Fig. 1 Performed steps in chronological order.
A central task in this work was to investigate the relation between measurable dataset
characteristics and CDSS performance, i.e., the number of false CDSS decisions. Thus,
additionally to the clinical data, we used data on correctness of the CDSS SIRS detection
for each patient and day. The CADDIE CDSS (in the first iteration) and ELISE CDSS (second iteration) were applied retrospectively on the data to detect SIRS episodes.
For each patient and each day of stay on the intensive care unit, we derived a label
specifying whether the CDSS's SIRS detection compared with the ground truth was true
positive, false positive, true negative, or false negative. We refer to these data
as CDSS performance data. In both iterations, CDSS performance data were available
as a CSV file.
Formalization of MMs
We utilized previous work to express the MMs that represent our applicable knowledge
on data quality assessment for ELISE CDSS .[21 ] This previous work proposed a formalization for MMs as 5-tuples with the objective
to foster collaborative, interoperable, knowledge-based data quality assessment. The
approach of the 5-tuples is to allow a flexible representation of all computable inherent
characteristics about a dataset for data quality assessment but to stay maintainable
by encapsulating the input data definition (domain paths ) and by simplifying the representation of the most common operations (checks and groupings ). [Fig. 2 ] shows an MM formalized as 5-tuple (extended examples with explanations in [Supplementary Appendix A ] [online only]). To compute an MM formalized as 5-tuple, the data specified in the
domain paths are provided as R-vectors and the check (optional), grouping (optional), and characterization elements are inserted into a generic R-script template, a process which is simple
to automate and applicable in different technical contexts (we tested the application
of MMs without using openCQA for example in Kindermann et al[22 ]).
Fig. 2 MM formalized as 5-tuple. The MM's tags indicate that this MM quantifies the standard deviation of the body temperature for
each patient and day. The domain paths specify the input data. Check , grouping , and characterization define the computation in R programming language.
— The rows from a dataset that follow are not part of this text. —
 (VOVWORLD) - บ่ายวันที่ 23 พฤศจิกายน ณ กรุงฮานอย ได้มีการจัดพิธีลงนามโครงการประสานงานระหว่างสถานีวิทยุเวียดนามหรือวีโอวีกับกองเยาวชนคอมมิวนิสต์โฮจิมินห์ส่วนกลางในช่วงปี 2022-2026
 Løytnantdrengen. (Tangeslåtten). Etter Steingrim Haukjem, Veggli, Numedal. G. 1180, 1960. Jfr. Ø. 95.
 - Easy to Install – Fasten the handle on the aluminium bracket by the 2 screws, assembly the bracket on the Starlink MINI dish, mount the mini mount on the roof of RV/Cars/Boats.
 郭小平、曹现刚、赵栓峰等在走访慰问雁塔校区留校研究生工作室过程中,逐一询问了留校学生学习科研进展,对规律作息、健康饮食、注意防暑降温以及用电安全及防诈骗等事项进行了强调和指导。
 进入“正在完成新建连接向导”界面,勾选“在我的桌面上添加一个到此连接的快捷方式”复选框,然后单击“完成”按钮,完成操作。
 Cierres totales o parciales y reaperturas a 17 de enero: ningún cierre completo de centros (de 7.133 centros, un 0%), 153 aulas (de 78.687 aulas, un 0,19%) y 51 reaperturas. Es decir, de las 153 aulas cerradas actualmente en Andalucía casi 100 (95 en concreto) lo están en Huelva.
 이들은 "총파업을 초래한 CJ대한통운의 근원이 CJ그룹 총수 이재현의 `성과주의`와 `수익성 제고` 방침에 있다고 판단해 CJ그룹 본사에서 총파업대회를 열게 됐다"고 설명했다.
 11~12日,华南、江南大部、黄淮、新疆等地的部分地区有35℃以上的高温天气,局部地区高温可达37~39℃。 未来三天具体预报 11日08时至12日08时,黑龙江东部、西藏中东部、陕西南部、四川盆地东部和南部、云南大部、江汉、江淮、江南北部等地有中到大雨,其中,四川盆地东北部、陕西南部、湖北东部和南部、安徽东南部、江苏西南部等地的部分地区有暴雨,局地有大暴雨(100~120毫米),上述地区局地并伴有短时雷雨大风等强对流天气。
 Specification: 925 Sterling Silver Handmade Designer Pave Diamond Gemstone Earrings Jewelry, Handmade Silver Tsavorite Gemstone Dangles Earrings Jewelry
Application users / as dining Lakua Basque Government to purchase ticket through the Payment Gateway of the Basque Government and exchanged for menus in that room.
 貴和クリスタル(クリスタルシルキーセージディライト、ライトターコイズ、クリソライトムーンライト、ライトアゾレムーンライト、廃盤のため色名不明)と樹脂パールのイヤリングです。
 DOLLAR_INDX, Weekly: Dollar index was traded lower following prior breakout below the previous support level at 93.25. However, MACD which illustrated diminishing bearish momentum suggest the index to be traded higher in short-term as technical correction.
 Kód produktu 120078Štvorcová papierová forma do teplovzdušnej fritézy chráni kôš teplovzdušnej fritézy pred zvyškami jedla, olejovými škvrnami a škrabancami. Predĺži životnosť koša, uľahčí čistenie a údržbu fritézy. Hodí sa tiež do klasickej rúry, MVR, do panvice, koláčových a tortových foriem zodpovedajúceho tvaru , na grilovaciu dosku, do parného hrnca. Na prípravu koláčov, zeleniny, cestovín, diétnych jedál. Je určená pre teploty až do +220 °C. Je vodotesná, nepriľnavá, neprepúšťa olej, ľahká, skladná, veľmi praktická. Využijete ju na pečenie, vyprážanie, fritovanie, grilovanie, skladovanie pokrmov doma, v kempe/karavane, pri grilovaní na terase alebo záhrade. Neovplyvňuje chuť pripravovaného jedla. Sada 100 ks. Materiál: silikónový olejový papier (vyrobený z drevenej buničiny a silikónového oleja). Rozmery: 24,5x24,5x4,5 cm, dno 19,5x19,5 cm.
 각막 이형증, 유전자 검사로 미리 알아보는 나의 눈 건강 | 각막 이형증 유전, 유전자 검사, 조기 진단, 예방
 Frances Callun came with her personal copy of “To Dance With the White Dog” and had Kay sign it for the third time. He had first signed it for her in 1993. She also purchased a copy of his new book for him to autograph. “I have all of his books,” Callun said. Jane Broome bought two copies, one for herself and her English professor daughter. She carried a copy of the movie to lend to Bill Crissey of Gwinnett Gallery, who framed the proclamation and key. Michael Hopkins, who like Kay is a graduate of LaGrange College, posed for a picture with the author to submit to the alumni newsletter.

MM, measurement method.
We needed to define MMs specifically targeting the CDSS's data quality requirements.
The check , grouping , and characterization parts of the 5-tuple (cf. [Fig. 2 ]) allow for this with flexible definitions of the measurement process in R programming
language while keeping most of the MMs simple, which eases understanding and adaptions.
ELISE CDSS bases on openEHR clinical information models. Thus, for MMs using patient data as input, we used openEHR archetype paths in the domain paths to define the input data. This enabled direct application of our MMs on the data
retrieved via AQL in our first iteration of data quality analysis (cf. [Fig. 1 ]). For the second iteration, where our data were available as CSV files, we adapted
the column names in the CSV files to match the MMs' domain paths .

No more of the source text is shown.